Health experts say they don’t expect the coronavirus to slow down flu vaccine production in the U.S. and actually are anticipating producing more vaccines for the upcoming season.
What’s more, preliminary data out of Australia, where the flu season is underway, shows an increase in vaccinations, despite lockdown measures due to COVID-19.
The surprising assessment about the upcoming flu season comes as the medical community is focusing on devising a vaccine or cure for the coronavirus, which has hampered food supply chains, shut down transportation and manufacturing industries, and closed universities conducting various types of research over the past two months.
Still, manufacturers expect to produce more than 188 million doses of the flu vaccine for this season, compared to 175 million doses last season, according to Litjen Tan, chief strategy officer of the Immunization Action Coalition, a nonprofit that distributes information about vaccines and the diseases they prevent.
“The reason they increased supply was because of the anticipating impact of COVID,” Mr. Tan said. “I think they really bumped it up because we really want to get the flu off the table this year. We really want to get people protected so that when COVID-19 resurges we’re not going to have flu as a competing factor for health care but also as a competing factor for diagnosis since symptoms are pretty similar.”

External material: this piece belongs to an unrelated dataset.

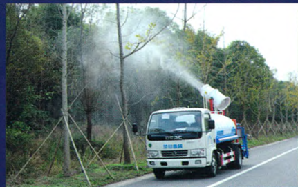
绿化洒水车喷雾效果

底盘可选配东风天锦、庆铃、福田欧马可等车型，罐体容积3-10立方，配套高射程喷雾机喷雾水平射程30-120米，垂直射程20-60米。可进行树木浇灌、农药喷洒、道路洒水、冲洗等作业。

In Australia, about 62% of the population has received a flu vaccination this year, compared to 41% last year, Mr. Tan said, citing provisional numbers.
The flu season in Australia spans from April to October, usually peaking in August. For the U.S., flu activity begins to increase in October and most often peaks between December and February.

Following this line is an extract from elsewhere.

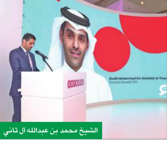
الشيخ محمد بن عبدالله آل ثاني
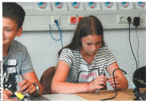
Ganz schön knifflig!

Roboter bauen, die ersten Schritte beim Programmieren wagen, mit einem 3D-Drucker experimentieren und Salzburgs erfolgreichste Firmen der Technik- und IT-Branche kennenlernen: Ein ganz besonderes Sommerferienangebot macht das möglich!

Since the vast majority of flu vaccines are manufactured with eggs, efforts to develop a vaccine for COVID-19 should not impact vaccine production for influenza, said Dr. William Schaffner, an infectious disease specialist at Vanderbilt University.
The coronavirus outbreaks in the U.S. appeared during the tail end of the flu season, and there have been a handful of reports of patients being infected with both flu and COVID-19 at the same time, Dr. Schaffner said.

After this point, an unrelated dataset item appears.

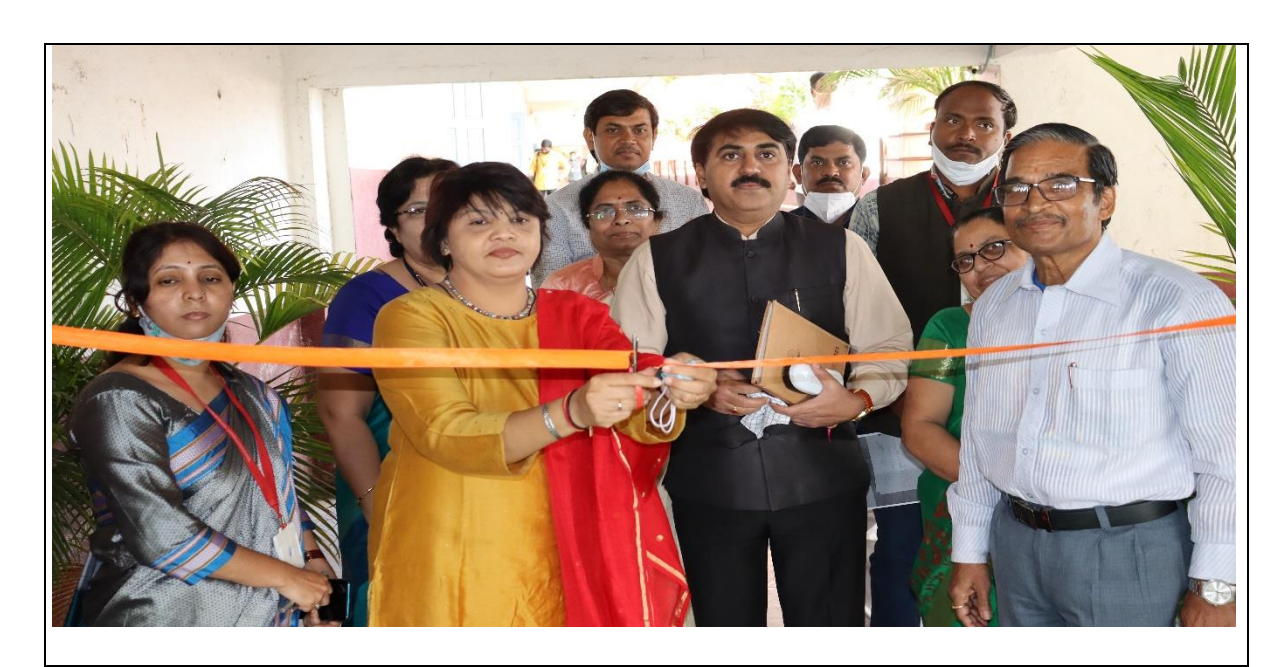
The program was inaugurated by Hon'ble Trupti Andhare (District Education Officer) with all Dignitaries

“What we anticipate is that there will likely be a double-barreled respiratory virus season with both flu and COVID-19, more or less simultaneously active,” Dr. Schaffner said. “And of course, the two of them resemble each other in clinical presentation, which will lead to a lot of confusion and concern both on the part of the public and providers.”
Influenza and COVID-19 share many symptoms, including fever, chills, muscle aches and cough, which tends to be dry with the coronavirus. Other COVID-19 symptoms: shortness of breath, difficulty breathing, loss of taste and smell.
The coronavirus has infected more than 1.6 million people and killed more than 97,000 in the U.S. as of Monday, according to the Johns Hopkins University coronavirus tracker.
Last season, the flu sickened between 39 million to 56 million people, hospitalized 410,000 to 740,000 and killed 24,000 to 62,000 in the U.S., federal estimates show.
The estimated fatality rate for COVID-19 is between 3% and 4%, while the mortality rate for influenza is usually below 0.1%.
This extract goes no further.